***** Task material

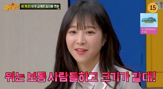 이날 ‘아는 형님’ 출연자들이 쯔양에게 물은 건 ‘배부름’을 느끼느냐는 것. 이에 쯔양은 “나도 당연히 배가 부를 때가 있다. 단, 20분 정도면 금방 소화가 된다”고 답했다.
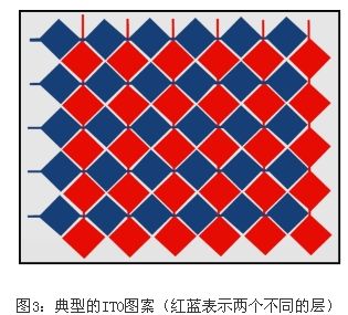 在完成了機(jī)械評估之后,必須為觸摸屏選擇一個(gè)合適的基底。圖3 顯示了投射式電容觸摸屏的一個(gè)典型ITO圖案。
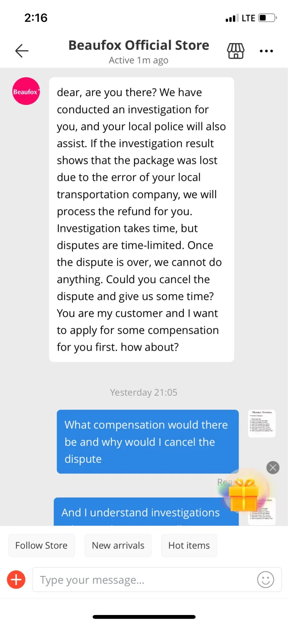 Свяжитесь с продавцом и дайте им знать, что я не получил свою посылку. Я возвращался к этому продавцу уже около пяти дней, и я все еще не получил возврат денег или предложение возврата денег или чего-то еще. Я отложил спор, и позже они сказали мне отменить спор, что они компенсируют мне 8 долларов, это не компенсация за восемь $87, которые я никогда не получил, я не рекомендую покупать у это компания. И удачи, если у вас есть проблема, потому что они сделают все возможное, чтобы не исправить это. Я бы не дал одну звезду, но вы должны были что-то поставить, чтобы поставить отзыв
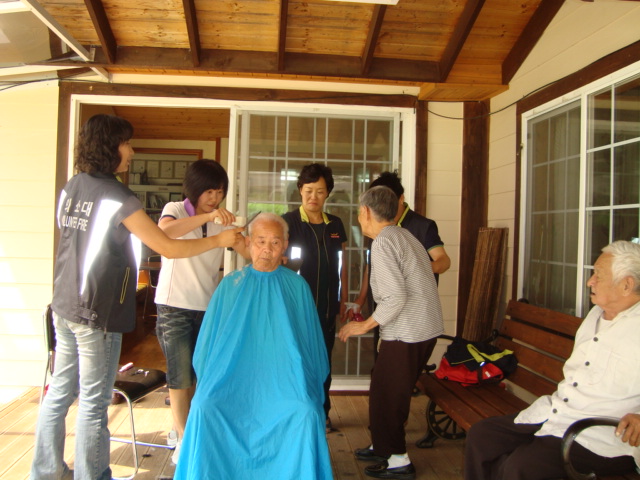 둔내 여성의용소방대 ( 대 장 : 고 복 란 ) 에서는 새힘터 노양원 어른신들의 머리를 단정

**********
***** Task material

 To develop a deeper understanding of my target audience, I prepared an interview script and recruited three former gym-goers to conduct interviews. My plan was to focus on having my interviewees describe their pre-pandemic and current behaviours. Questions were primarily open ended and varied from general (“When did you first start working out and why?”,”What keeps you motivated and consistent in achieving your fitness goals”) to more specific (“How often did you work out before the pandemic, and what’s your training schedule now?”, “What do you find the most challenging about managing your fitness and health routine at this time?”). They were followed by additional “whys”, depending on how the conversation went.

**********
***** Task material

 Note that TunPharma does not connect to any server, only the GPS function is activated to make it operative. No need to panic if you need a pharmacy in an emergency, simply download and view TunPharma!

**********

Exercise requirements => Once the line with "이날 ‘아는 형님’ 출연자들이" is found above, transcribe each line from it through the line with "둔내 여성의용소방대 ( 대", exactly, and omit the pictures.

Result below =>
 이날 ‘아는 형님’ 출연자들이 쯔양에게 물은 건 ‘배부름’을 느끼느냐는 것. 이에 쯔양은 “나도 당연히 배가 부를 때가 있다. 단, 20분 정도면 금방 소화가 된다”고 답했다.
 在完成了機(jī)械評估之后,必須為觸摸屏選擇一個(gè)合適的基底。圖3 顯示了投射式電容觸摸屏的一個(gè)典型ITO圖案。
 Свяжитесь с продавцом и дайте им знать, что я не получил свою посылку. Я возвращался к этому продавцу уже около пяти дней, и я все еще не получил возврат денег или предложение возврата денег или чего-то еще. Я отложил спор, и позже они сказали мне отменить спор, что они компенсируют мне 8 долларов, это не компенсация за восемь $87, которые я никогда не получил, я не рекомендую покупать у это компания. И удачи, если у вас есть проблема, потому что они сделают все возможное, чтобы не исправить это. Я бы не дал одну звезду, но вы должны были что-то поставить, чтобы поставить отзыв
 둔내 여성의용소방대 ( 대 장 : 고 복 란 ) 에서는 새힘터 노양원 어른신들의 머리를 단정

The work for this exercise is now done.